By no means perfect but should be easier in future to keep clean. Must say thanks to all the tips i've picked up from browsing this forum :thumb:

I've also finished protecting the arches with dynax-s50. The r33 skylines have a habit of the front suspension turrets rotting out. It's a design fault and will probably effect all of them at some time. Luckily mine seem ok at the moment and are now well protected.


----------



## [email protected] (Jan 9, 2006)

its a vast improvement from the befores, good job


----------



## ANDY GTR (Dec 6, 2008)

job well done :thumb:


----------



## VIPER (May 30, 2007)

Massive improvement there, mate. Looks great :thumb: :thumb: And as you say, once the big initial clean up job is done, it's easy from then on to just keep on top of it


----------



## byrnes (Jul 15, 2008)

looks ace! nice work. stonking car


----------



## Padawan scrub (Feb 21, 2009)

Cheers fellas


----------



## Serious Performance (Oct 26, 2005)

Job well done! They are one fiddly engine bay to get around and take a fair amount of time to do properly. I'm still finding areas to do in mine although some obligatory bling is finding it's way under there .

Mine when I got the car:









And now:









Just wait till you buy the first shiny bits... It's all downhill (with an empty wallet) from there! .


----------



## Padawan scrub (Feb 21, 2009)

Cheers! 

Excellent work there! that is one seriously nice engine bay, impressive  Exactly right about them being a bit fiddly to get around, especially when i look at other engine bays.

I've so far resisted the temptation to add a little under bonnet bling but i'm leaning towards some carbon goodies. I really need to get an after market ecu like the apexi power fc and go for a good remap first tho 

Cant quite tell from your pics, is your car midnight purple? i love that colour. What specs you running?


----------



## Serious Performance (Oct 26, 2005)

Yes, good old MP1. Yours looks like the dark met blue? (can't remember the code). Like Midnight Purple, it looks awesome when clean.

Car is stage 1 inc things like ecu etc. Most of it was already done in Japan and whoever owned it out there did it all properly. All I really had to add was the downpipes and then just done a few more breathing mods like the hardpipes and swapped the Nismo exhaust for an extemely loud Buddy Club jobbie (much happier ).

Whats been done with yours and how long you had it?

Cheers .


----------



## Padawan scrub (Feb 21, 2009)

Well spotted it is indeed deep marine blue BN6 

Some nice mods there, these engines sound gorgeous - loud exhaust all the way!

I'm in a similar boat with the mods, almost stage 1 also carried out in Japan. Also have bilstein suspension, blitz bovs and genuine 400r rear spolier blades. Had the car since October but it was off the road for the winter so i'm just getting used to it. 

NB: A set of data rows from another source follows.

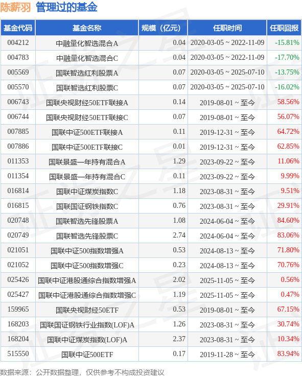 陈薪羽先生:中国国籍,毕业于北京大学概率论与数理统计专业,硕士研究生学历,具有基金从业资格。2015年8月至2016年10月任中国人保寿险首席投资官秘书。2016年10月加入国联基金管理有限公司,现任指数投资部基金经理。拟任国联中证港股通综合指数增强型证券投资基金的基金经理。2024年08月起至今任国联中证500指数增强型证券投资基金的基金经理、现任国联央视财经50交易型开放式指数证券投资基金(2019年08月起至今)、国联央视财经50交易型开放式指数证券投资基金联接基金(2019年08月起至今)、2019年11月28日至今担任国联中证500交易型开放式指数证券投资基金基金经理。2020年3月5日至2020年07月担任中融量化小盘股票型发起式证券投资基金基金经理。2020年3月5日起担任国联智选红利股票型证券投资基金基金经理。2020年3月5日至2022年12月担任中融量化智选混合型证券投资基金基金经理。2023年8月31日起担任国联中证煤炭指数型证券投资基金基金经理。2023年8月31日起担任国联国证钢铁行业指数型证券投资基金基金经理。2023年9月22日起担任国联景盛一年持有期混合型证券投资基金基金经理。国联智选先锋股票型证券投资基金(2024年06月起至今)的基金经理。
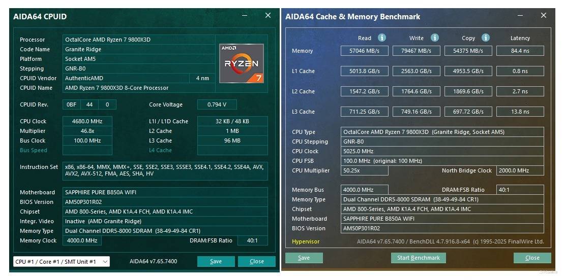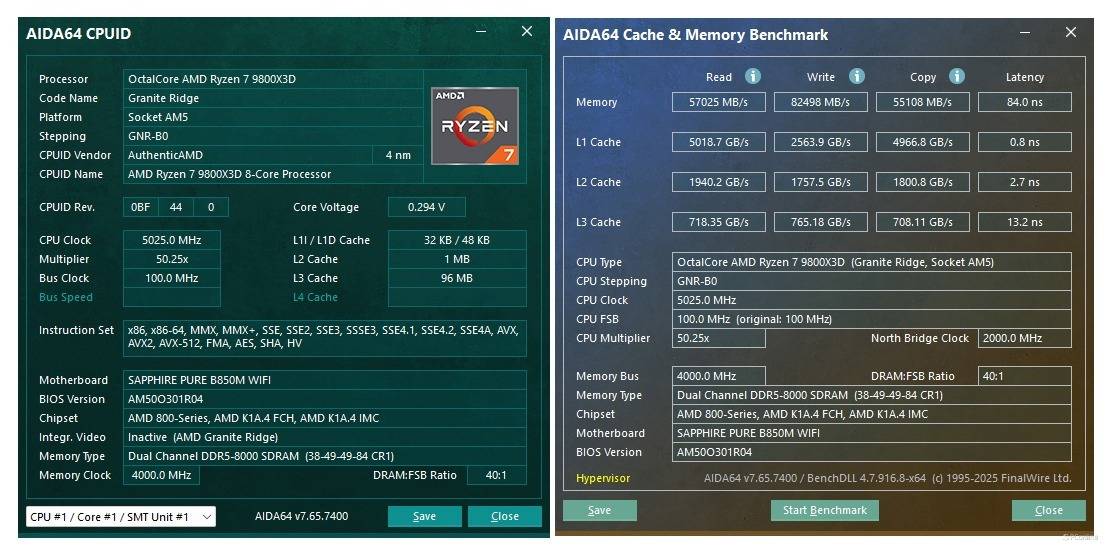 另一块蓝宝石PURE极地B850M WIFI主板的表现也非常给力,8000MHz同样轻松达成,读取速度达57025MB/s,写入速度达82498MB/s,复制速度达55108MB/s,延迟则是84ns。
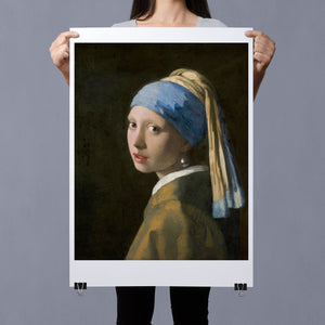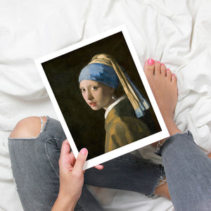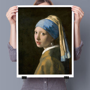 "Girl with a Pearl Earring" by Johannes Vermeer is an iconic 17th-century portrait renowned for its enigmatic beauty and exquisite technique. The painting depicts a young girl with a mesmerizing gaze, adorned with a pearl earring and set against a dark, softly illuminated background. Vermeer's masterful use of light and color, combined with the girl's captivating expression, creates a timeless piece that continues to fascinate and inspire. This artwork exemplifies the elegance and intrigue of Dutch Golden Age art, making it a standout piece in any art collection or study of classical portraiture.
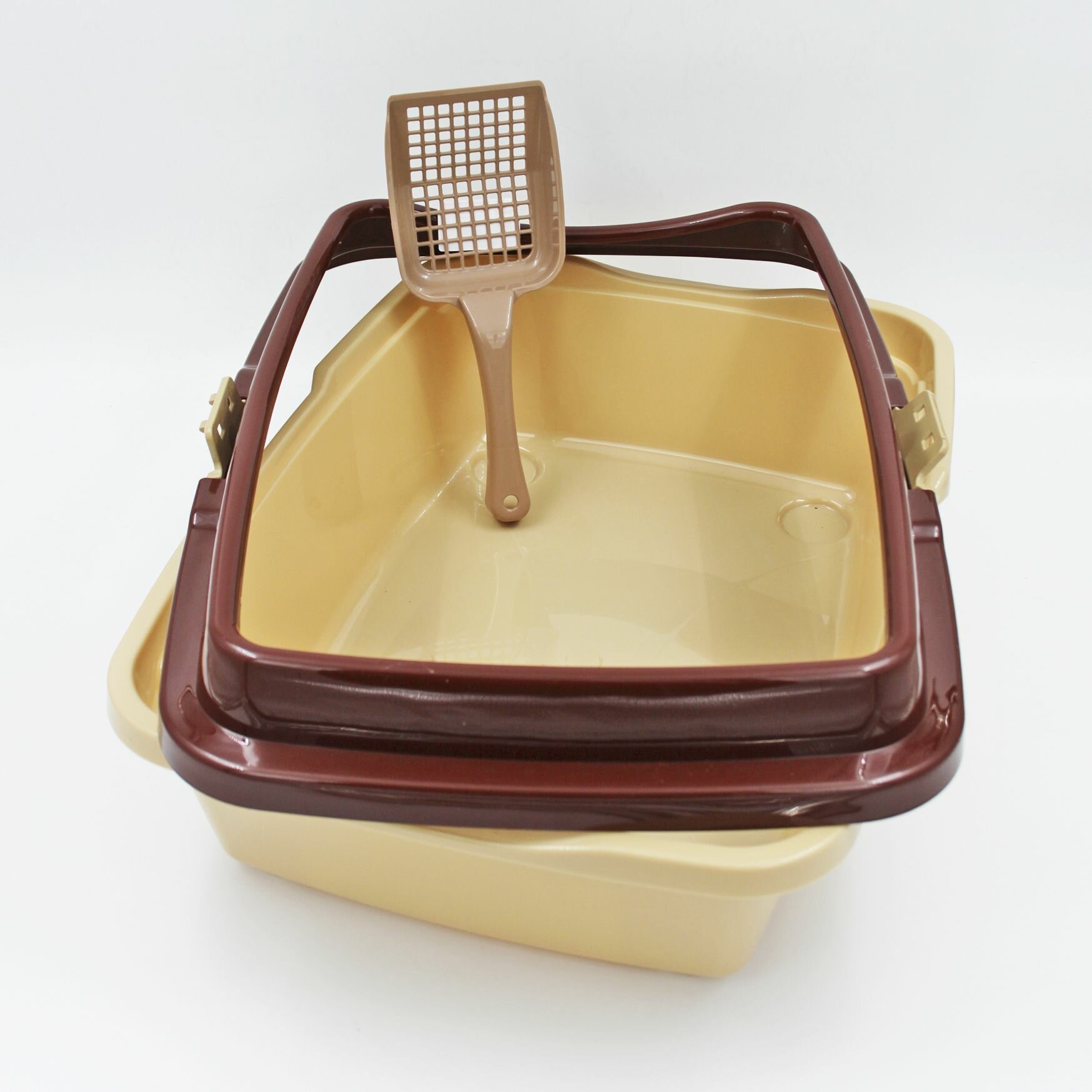 10 цен на Туалет для кошек большой с бортом коричнево-бежевый + совок в подарок

I plan to have it mapped by tweenie rob from TR racing in Harlow, was down there yesterday and met the friendly chaps. My friend bought a R33 Gtr monster built by RK tuning, its producing 816 bhp.. scary


----------



## Serious Performance (Oct 26, 2005)

Ah cool! I know Tweenie Rob well so you'll be in very safe hands!

I've only driven mine twice this year so far so the Skyline smile is finding it's way back to me 

If your local theres a GTROC meet at Ace the last weekend of March which normally gets a pretty good turn out .


----------



## Padawan scrub (Feb 21, 2009)

Good to hear you are enjoying the skyline again  

Ace cafe is a bit far for me i'm afraid, sounds like a good night tho.


----------



## Twellsie (Mar 20, 2009)

looks good mate, think I am going to have ago at mine at the weekend


----------



## timsri2.6v6 (Mar 23, 2009)

well done mate, looks a lot better


----------